→ EXERCISE MATERIAL:

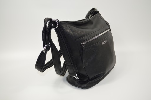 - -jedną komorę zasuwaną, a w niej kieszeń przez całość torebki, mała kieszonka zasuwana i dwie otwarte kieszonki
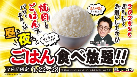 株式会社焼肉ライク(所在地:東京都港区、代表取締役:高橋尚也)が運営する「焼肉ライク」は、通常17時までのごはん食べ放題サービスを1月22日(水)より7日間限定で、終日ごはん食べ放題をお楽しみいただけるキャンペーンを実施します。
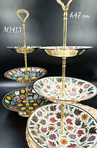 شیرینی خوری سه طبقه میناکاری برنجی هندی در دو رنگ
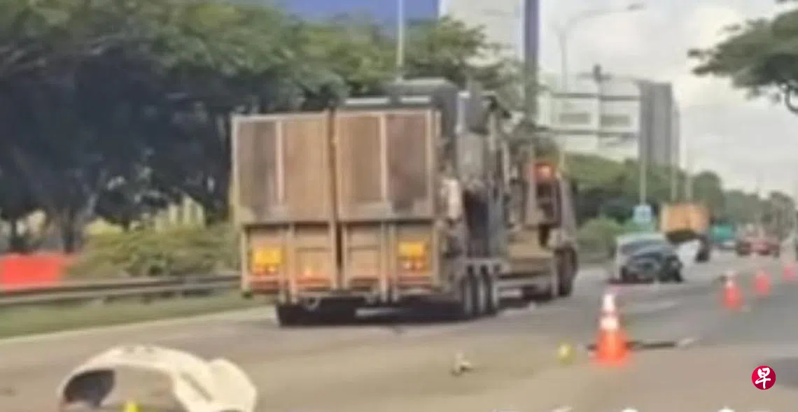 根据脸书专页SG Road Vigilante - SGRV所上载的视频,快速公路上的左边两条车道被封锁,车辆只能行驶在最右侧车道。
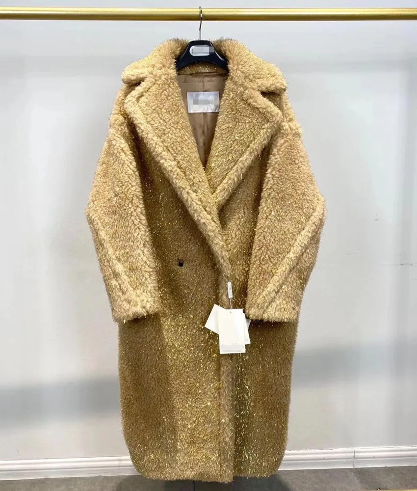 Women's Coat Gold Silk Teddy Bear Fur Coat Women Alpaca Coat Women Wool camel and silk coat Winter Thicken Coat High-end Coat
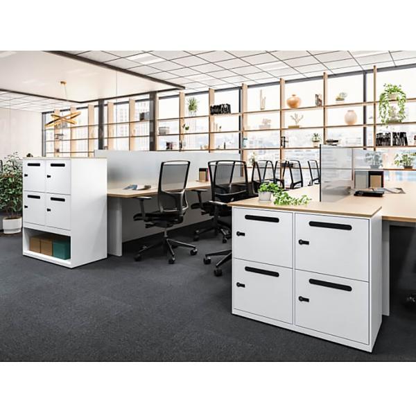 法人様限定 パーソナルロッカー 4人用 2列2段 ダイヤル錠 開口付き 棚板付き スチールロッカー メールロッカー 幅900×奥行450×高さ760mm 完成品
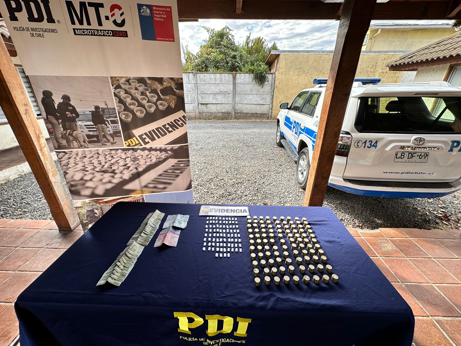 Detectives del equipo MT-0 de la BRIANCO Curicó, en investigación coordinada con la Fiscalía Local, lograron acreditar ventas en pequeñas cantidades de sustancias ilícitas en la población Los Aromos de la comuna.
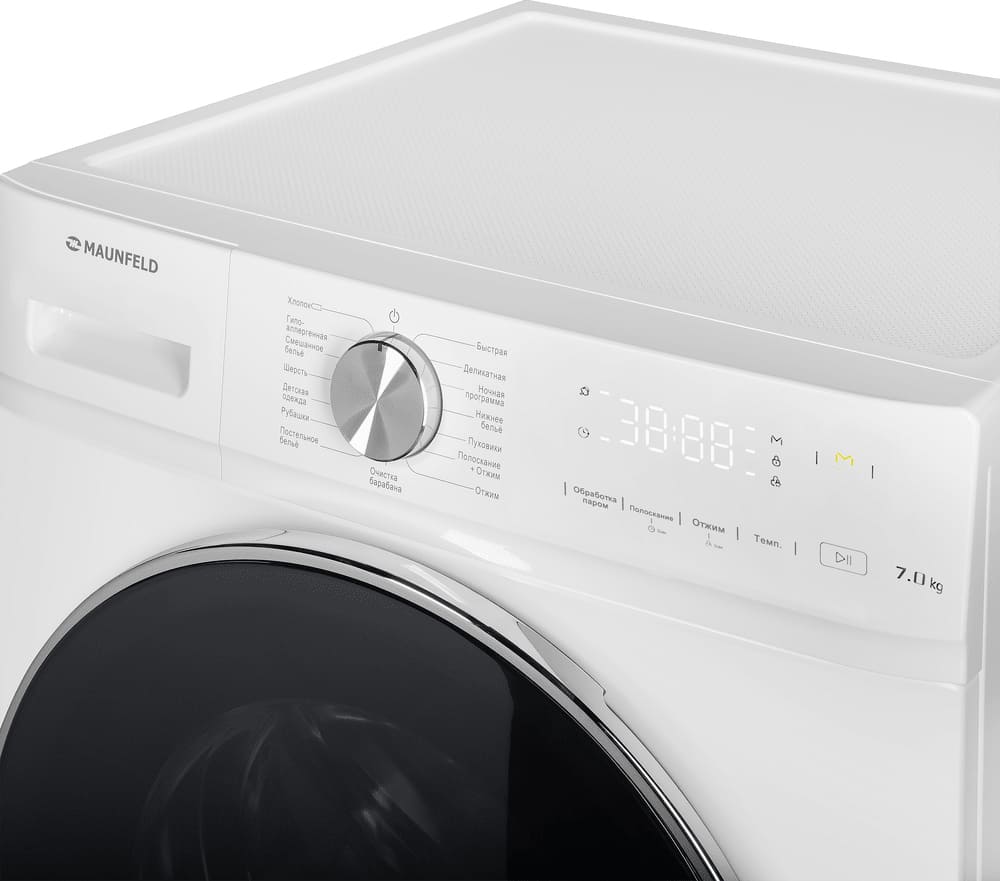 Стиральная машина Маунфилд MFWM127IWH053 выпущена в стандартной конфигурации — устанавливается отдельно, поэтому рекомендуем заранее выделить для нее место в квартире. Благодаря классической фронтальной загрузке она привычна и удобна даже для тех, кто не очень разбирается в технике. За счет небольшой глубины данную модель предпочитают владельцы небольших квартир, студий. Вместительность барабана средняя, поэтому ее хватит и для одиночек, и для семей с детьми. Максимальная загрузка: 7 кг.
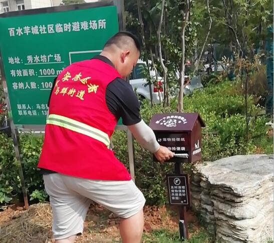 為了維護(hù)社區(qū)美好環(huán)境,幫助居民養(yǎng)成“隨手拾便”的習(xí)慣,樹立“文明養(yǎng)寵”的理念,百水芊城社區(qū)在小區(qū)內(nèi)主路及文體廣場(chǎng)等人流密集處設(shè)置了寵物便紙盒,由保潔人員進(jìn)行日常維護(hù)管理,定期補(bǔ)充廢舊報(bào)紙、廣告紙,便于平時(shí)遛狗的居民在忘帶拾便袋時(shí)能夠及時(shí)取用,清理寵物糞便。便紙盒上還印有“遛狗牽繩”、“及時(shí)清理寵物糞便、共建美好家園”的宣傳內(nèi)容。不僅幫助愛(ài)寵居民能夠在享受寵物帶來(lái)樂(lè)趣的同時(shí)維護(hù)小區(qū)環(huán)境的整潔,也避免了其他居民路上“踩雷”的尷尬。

--

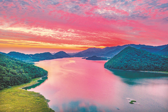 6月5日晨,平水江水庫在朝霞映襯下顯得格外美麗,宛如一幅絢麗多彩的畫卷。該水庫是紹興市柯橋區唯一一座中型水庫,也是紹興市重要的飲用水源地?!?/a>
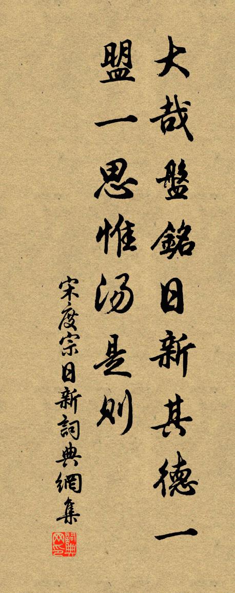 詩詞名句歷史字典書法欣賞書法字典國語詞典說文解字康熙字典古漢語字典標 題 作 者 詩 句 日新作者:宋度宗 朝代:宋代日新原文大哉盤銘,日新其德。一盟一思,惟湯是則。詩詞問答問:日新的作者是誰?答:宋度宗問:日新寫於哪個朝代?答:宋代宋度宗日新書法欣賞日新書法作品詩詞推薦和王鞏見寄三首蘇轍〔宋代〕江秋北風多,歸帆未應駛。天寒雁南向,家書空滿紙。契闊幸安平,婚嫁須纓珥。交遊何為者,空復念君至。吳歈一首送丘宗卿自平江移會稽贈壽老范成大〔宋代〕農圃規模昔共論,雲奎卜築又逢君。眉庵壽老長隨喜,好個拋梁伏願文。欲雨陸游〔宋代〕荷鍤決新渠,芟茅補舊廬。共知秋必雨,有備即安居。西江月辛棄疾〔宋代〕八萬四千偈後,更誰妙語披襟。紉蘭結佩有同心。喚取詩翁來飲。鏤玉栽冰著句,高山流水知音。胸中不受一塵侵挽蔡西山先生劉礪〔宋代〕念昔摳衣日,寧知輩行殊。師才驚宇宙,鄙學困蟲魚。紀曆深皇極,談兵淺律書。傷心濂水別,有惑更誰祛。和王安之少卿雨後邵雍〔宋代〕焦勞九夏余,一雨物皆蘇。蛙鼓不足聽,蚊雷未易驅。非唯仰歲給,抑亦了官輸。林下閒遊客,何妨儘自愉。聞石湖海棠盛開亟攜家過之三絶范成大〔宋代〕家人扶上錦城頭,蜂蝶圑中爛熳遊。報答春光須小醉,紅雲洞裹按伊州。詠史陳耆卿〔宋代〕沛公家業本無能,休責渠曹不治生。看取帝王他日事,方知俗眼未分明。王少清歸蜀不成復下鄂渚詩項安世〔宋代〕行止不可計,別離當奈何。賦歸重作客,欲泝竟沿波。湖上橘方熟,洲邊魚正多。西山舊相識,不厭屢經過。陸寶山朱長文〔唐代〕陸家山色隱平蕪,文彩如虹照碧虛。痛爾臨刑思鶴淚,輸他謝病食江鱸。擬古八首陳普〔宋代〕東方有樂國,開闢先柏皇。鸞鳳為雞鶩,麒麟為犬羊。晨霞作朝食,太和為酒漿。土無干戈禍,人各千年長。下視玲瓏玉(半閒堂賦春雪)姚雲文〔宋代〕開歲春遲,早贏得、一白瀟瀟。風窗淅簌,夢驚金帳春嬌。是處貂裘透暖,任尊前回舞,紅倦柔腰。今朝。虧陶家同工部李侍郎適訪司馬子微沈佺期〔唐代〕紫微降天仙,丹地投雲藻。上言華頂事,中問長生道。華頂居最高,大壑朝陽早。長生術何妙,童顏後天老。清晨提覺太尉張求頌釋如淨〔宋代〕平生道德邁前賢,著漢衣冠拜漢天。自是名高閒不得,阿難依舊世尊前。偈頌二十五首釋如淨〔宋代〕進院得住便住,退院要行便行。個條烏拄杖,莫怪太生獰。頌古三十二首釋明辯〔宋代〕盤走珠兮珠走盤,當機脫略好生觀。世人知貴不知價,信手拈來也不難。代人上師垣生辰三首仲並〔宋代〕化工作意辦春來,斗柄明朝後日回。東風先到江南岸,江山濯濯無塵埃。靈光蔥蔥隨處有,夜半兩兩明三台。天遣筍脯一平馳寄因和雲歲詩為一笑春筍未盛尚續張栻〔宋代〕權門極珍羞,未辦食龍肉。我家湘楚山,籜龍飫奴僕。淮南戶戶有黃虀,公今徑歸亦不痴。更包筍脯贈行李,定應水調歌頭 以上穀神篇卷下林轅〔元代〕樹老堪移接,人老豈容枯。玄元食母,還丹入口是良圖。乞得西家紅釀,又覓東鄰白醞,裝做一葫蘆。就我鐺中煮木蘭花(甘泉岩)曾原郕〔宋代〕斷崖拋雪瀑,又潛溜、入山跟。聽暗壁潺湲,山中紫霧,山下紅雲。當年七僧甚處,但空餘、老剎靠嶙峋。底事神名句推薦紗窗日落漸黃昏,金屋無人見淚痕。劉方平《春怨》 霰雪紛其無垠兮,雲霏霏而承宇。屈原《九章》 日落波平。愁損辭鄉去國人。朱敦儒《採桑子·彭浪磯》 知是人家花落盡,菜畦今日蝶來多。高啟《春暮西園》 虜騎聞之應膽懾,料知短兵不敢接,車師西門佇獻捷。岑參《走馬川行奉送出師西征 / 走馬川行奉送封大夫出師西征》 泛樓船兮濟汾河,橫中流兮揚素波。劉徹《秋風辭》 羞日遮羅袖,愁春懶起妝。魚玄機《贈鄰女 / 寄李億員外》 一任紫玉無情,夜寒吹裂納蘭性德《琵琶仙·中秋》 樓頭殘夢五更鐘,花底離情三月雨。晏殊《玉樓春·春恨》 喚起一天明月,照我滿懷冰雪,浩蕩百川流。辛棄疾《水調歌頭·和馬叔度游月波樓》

→ DIRECTIONS: Your reply should hold nothing but the lines above, from the one containing "根据脸书专页SG Road Vigilante" to the one containing "Стиральная машина Маунфилд", reproduced exactly minus the pictures.

→ EXERCISE ANSWER:
 根据脸书专页SG Road Vigilante - SGRV所上载的视频,快速公路上的左边两条车道被封锁,车辆只能行驶在最右侧车道。
 Women's Coat Gold Silk Teddy Bear Fur Coat Women Alpaca Coat Women Wool camel and silk coat Winter Thicken Coat High-end Coat
 法人様限定 パーソナルロッカー 4人用 2列2段 ダイヤル錠 開口付き 棚板付き スチールロッカー メールロッカー 幅900×奥行450×高さ760mm 完成品
 Detectives del equipo MT-0 de la BRIANCO Curicó, en investigación coordinada con la Fiscalía Local, lograron acreditar ventas en pequeñas cantidades de sustancias ilícitas en la población Los Aromos de la comuna.
 Стиральная машина Маунфилд MFWM127IWH053 выпущена в стандартной конфигурации — устанавливается отдельно, поэтому рекомендуем заранее выделить для нее место в квартире. Благодаря классической фронтальной загрузке она привычна и удобна даже для тех, кто не очень разбирается в технике. За счет небольшой глубины данную модель предпочитают владельцы небольших квартир, студий. Вместительность барабана средняя, поэтому ее хватит и для одиночек, и для семей с детьми. Максимальная загрузка: 7 кг.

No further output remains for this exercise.